Regarding inequality, this can exist in different dimensions. The most salient ones for human survival, politics, and life are intelligence and beauty (these are also correlated). People are generally superior to other people when they are more intelligent and more beautiful, and usually these two factors are also correlated with health and fitness. These metrics predict life success and value to society. Finally, virtue and just behaviour make people superior—and these traits also correlate with intelligence, beauty, and health.
This has long been the subject of philosophical debate and, of course, because all men wish to rule, many unworthy men lie about what “the best” is. I say it’s the intelligent, beautiful, healthy, and virtuous (literal meaning “manly”; it’s synonymous with justice) who should rule. Nature is, if anything, more hierarchical than man (e.g. alpha wolves, ant nests etc); we know we are part of nature, but we cannot transcend nature—or she will punish us.

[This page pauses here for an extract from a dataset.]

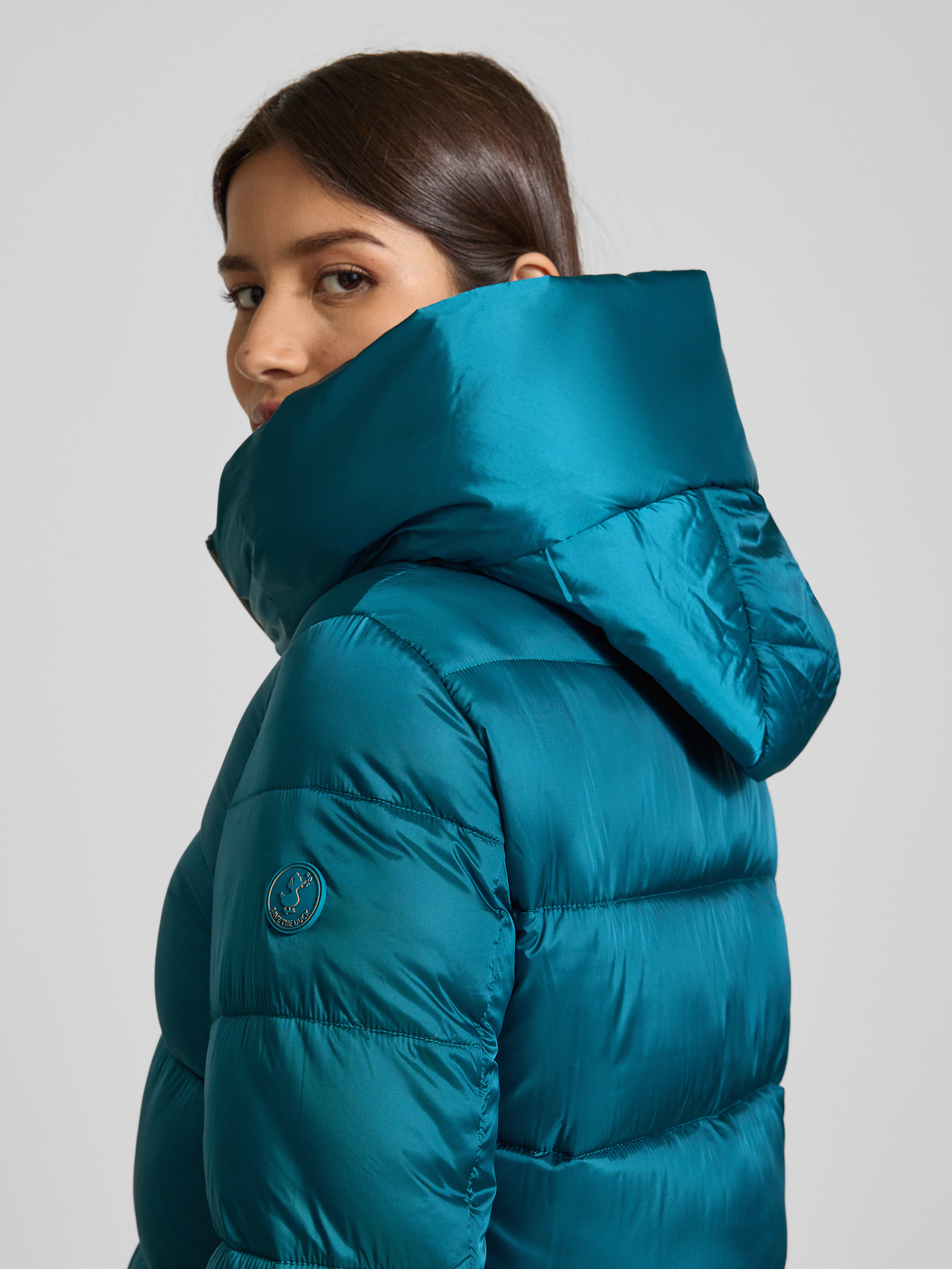 SAVE THE DUCKGewatteerde lange jas met opstaande kraag, model 'LYSA' in petrol

Man was formed by war; it’s a war universe, as William S. Burroughs said. The evolutionary struggle to survive has made us ruthless competitors, and most of our technological achievements come about through the need to wage war. We can struggle for a just order and constrain the worst for.a while, but we are struggling against man’s hell-baked nature. We were made in murder, rape, and lies—plan accordingly…
As for solutions, I think that human civilisations obey a natural cycle. Our civilisation is old, decayed, and corrupt now; it will soon be burned down like a dead forest to allow new growth.
Tyranny is arbitrary rule; if rule is by reason and the laws of nature and God, there is no tyranny.
People are fundamentally evil; all we can do is devise systems to limit the malevolence. There will never be a perfectly just system, but the most just system we can devise would maximise personal responsibility. Evil and malevolence come from chaos and a lack of responsibility and order. Responsible people—this correlates with intelligence—act to minimise chaos and so minimise evil.
Evil will never be eliminated, but it can be reduced. The progressives, communist, and fascists promote chaos and evil by scape-goating intelligent and responsible people (Jews, Kulaks, straight white men) who have more stuff than other people, because intelligent and responsible people end up richer than others. These ideologies are evil because they tell the masses that other people are responsible for their problems and encourage them to give up self-responsibility to the state, not a king or aristocrat or virtuous person. These ideologies use lies to provoke envious murder. The state, being a fundamentally irresponsible and bureaucratic institution, creates useless chaos (except when it wages war) and so is evil.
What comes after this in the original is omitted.